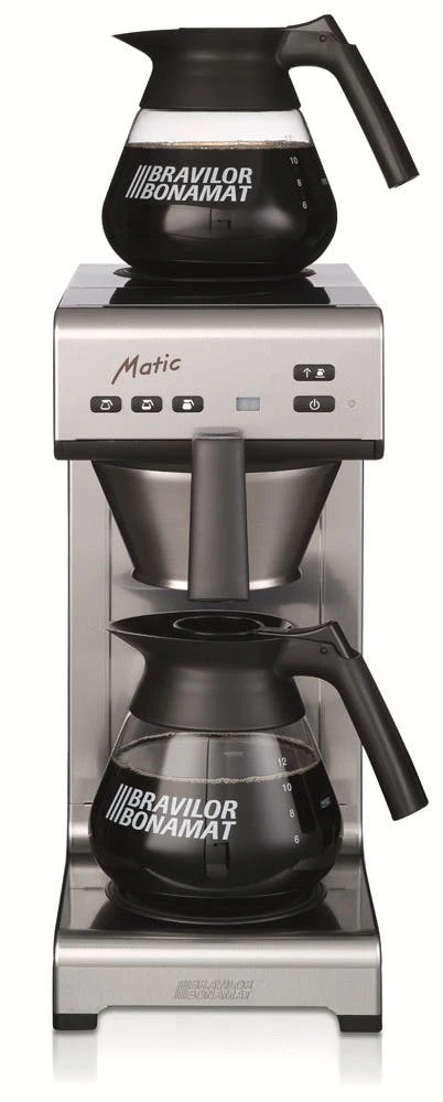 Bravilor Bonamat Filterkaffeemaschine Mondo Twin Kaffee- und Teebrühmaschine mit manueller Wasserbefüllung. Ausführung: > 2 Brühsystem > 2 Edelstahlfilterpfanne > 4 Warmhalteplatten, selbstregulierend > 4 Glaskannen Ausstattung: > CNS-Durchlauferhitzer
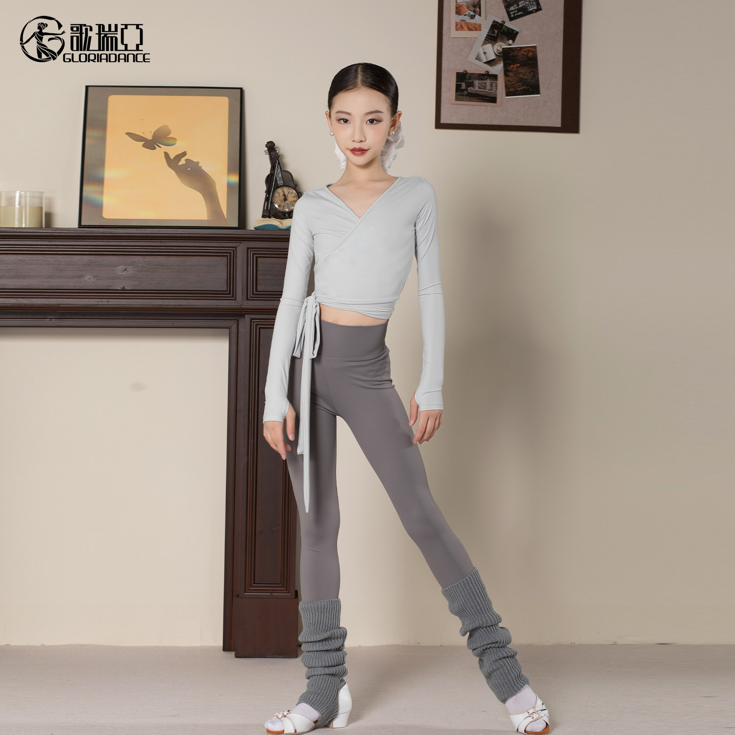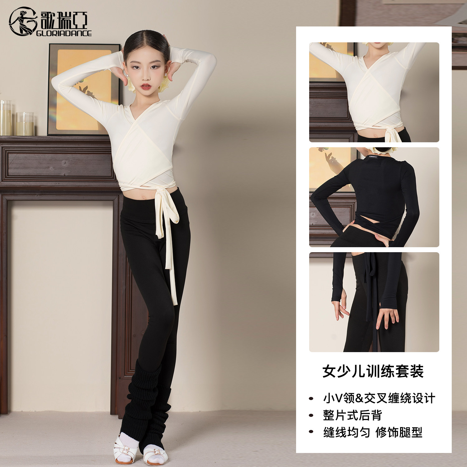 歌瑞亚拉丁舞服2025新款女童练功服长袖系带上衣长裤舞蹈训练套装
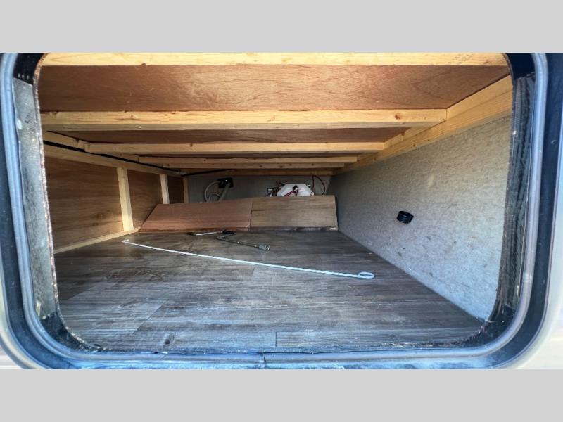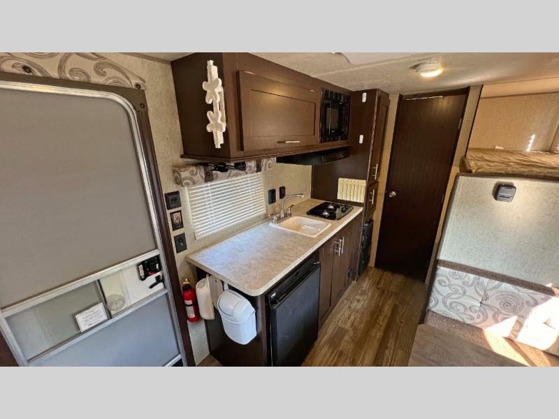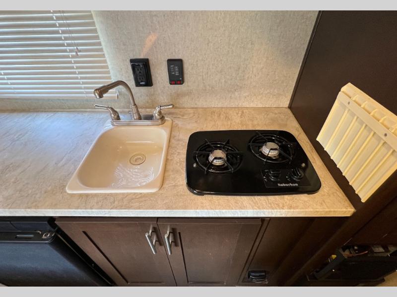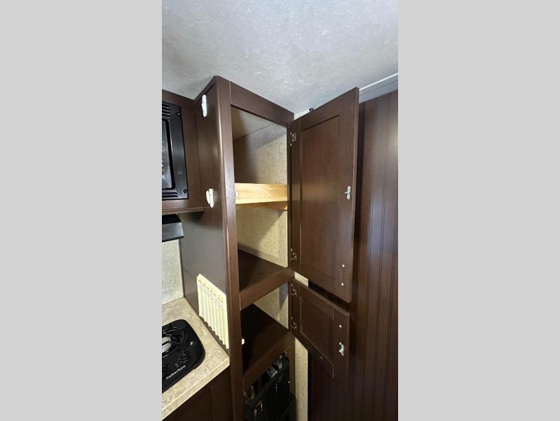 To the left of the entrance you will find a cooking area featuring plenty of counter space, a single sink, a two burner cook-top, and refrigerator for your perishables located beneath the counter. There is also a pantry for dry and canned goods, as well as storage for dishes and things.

####################

Copy the data character for character, but drop all pictures from the copy.

_EXERCISE SOLUTION_
 Bravilor Bonamat Filterkaffeemaschine Mondo Twin Kaffee- und Teebrühmaschine mit manueller Wasserbefüllung. Ausführung: > 2 Brühsystem > 2 Edelstahlfilterpfanne > 4 Warmhalteplatten, selbstregulierend > 4 Glaskannen Ausstattung: > CNS-Durchlauferhitzer
 歌瑞亚拉丁舞服2025新款女童练功服长袖系带上衣长裤舞蹈训练套装
 To the left of the entrance you will find a cooking area featuring plenty of counter space, a single sink, a two burner cook-top, and refrigerator for your perishables located beneath the counter. There is also a pantry for dry and canned goods, as well as storage for dishes and things.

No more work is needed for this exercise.